Appleは2017年に開催した世界開発者会議(WWDC 2017)で、iOS 11を「iPad史上最大のアップデート」と謳った。iOS 11には、MacでおなじみのDockの採用や、画面分割によるマルチタスクの強化、ドラッグ&ドロップ操作など、生産性を高めるUIの向上が数多く盛りこまれていた。

WWDC 2018で発表されたiOS 12は、iPadに対してさほど大きなアナウンスがなかったかもしれない。しかし、iPadやMacの将来を占う上で重要な事項が隠されていた。

  • iOS 12は2013年モデルとなるiPad Air以降のiPadで動作する。プロセッサの活用方法の改善で、動作速度の体感的な向上を、古いデバイスでも実現するという

iOS 12でのiPadに関するアップデートは、基調講演の場では後述する新アプリの追加発表にとどまった。しかしAppleが公開したiOS 12の新機能リストのページには、いくつかの操作上の変更が告げられている。膨大な新機能リストの最後に用意されたその他の項目に「iPad gestures」という項目があるのだ。

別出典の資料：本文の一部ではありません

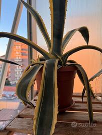Varie piante di Agave nelle due varietà: AMERICANA o VARIEGATA di medie / grandi dimensioni, comprensive di vaso, per ritiro di persona in Torino, zona Piazza Sabotino. Vaso D22-24-26cm. Altezza h50-75-85cm. Adatte per esterno. Agave è una pianta succulenta affascinante, caratterizzata da foglie spesse e carnose di un verde intenso con sfumature gialle. Resistente e facile da curare, è perfetta per aggiungere un tocco esotico sia in giardino che in appartamento. Disponibili varie piante, possibile venire a vederle di persona e scegliere, alcune anche con polloni basali, uno o due germogli. Richiesta da 15 a 40 euro, a seconda della pianta.

ここでは、iPadについて、より簡単なジェスチャーが利用できるとして、ホームスクリーンの表示は画面下部から上へのスワイプ、コントロールセンターは右上から下へのスワイプ操作となる、と説明されている。

これらのジェスチャーは、ホームボタンがなくなったiPhone Xと共通のものだ。実機を触ったわけではないが、おそらくホームスクリーンを表示させるジェスチャーの動きを途中で止めれば、アプリ切り替えの画面が表示されるだろうことは想像に難くない。

これまで、アプリ切り替え画面に用意されていたコントロールセンターには前述のように新たなジェスチャーが採用され、アプリ切り替え画面からは取り除かれるようだ。

iPhone 8以前のモデルでは、iPhone Xの新しい操作方法は利用できない。しかしiPad Proなどの現状ホームボタンが搭載されているモデルでは、iPadの新しいジェスチャーが利用可能となる。それがつまり、ホームボタンなしのiPadの登場に直結するとは判断つきかねるが、ホームボタンがなくても困らない操作方法を導入したのだけはハッキリしている。